In recent years, Dr. Tufte has partly shifted his focus from large-scale graphics to those of the smallest practicable scale. He was inspired by Galileo's use of small images right in the text of his writings about his telescopic observations.

The images of Saturn as he saw them under different atmospheric conditions are just the right size. They almost serve as words in the text. There is no need for the eyes to jump to a "Figure" at the margin and back to the text one is reading.

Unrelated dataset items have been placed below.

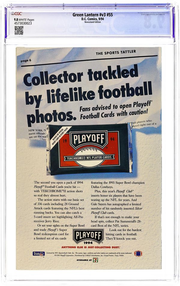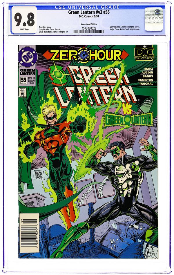 Newsstand Edition. Zero Hour tie-in. "Assault & Battery!" Part 2 of 2. Guest-starring Green Lantern (Alan Scott). Superman cameo. Story by Ron Marz. Art by Craig Hamilton, Derec Aucoin, Darryl Banks, and Romeo Tanghal. With his power gone, how will Kyle survive his confrontation with the ruthless Major Force, the man who murdered his girlfriend? Plus, the new Green Lantern meets the first man to bear his mantle - Alan Scott! Story continued in Zero Hour: Crisis in Time (1994) #4. Cover price $1.50.
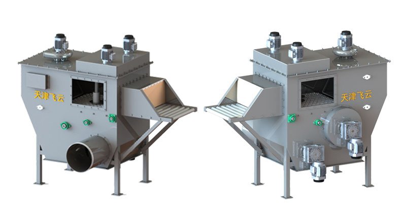 SDCD-1双刀自动拆包机由网链传送装置、袋子自动入钩脱钩装置、双刀切割装置、导向装置、废袋收纳装置、除尘器、机箱、控制系统等组成。
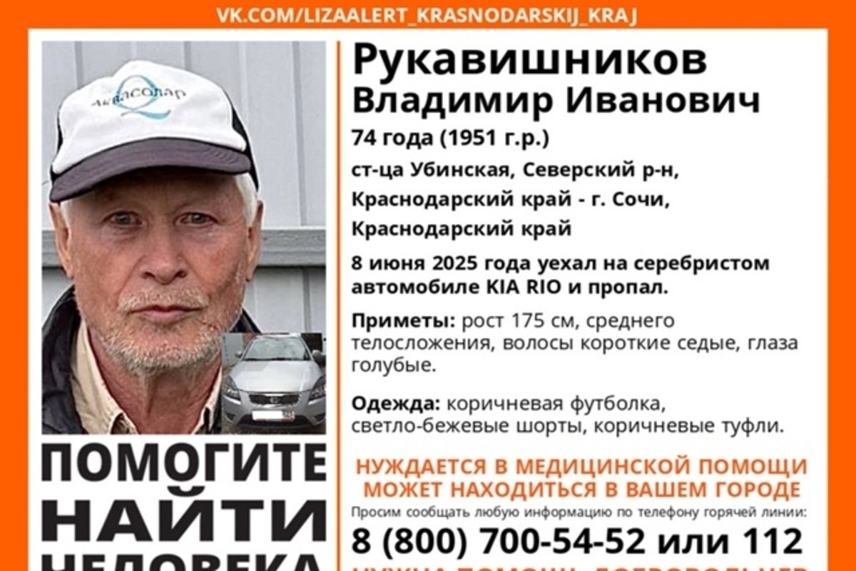 В Сочи разыскивают 74-летнего Владимира Рукавишникова. По информации поискового отряда «ЛизаАлерт», 8 июня он уехал на серебристого цвета Kia Rio и пропал. Он также был в станице Убинская Северского района Краснодарского края.

The name Dr. Tufte uses for little line graphics that fit right into the text is Sparkline. Here is an example of ten lines of a financial table with Sparklines showing the historical trend of share prices during the prior year. Rather than convey exact quantitative measures, as some graphs are intended to do, Sparklines offer a quick impression of a trend or shape with meaning of its own.

These are remarkable for a single feature: nine of them look almost identical. Only the fifth line has a visibly different shape. This leads to further investigation, to determine that it is a different kind of fund than the others; bond rather than equity.

Sparklines have apparently already made it into the mainstream. This Yahoo Finance example shows a number of "hot" pieces of data that are updated as shares are traded. However, Dr. Tufte would deplore the boxes around the lines. They distract from the content.

Of a half-dozen principles of data presentation, one with which I was most impressed is to take better advantage of the intelligence and initiative of the audience. They know how to read, so don't read to them. But even more so, don't try to lead them by the nose. Begin a presentation with a handout and give them time to read it. Then the "prepared slides" can serve as visual aids for answering questions. You'll just need to be prepared to hop around!

In addition to a number of good ideas, each participant came away from the conference with a set of Dr. Tufte's four principal books about the use (and misuse) of graphics. I plan to read them all right through, but don't expect reviews in this space (except perhaps an omnibus review when I finish). It would be too much like reviewing an encyclopedia.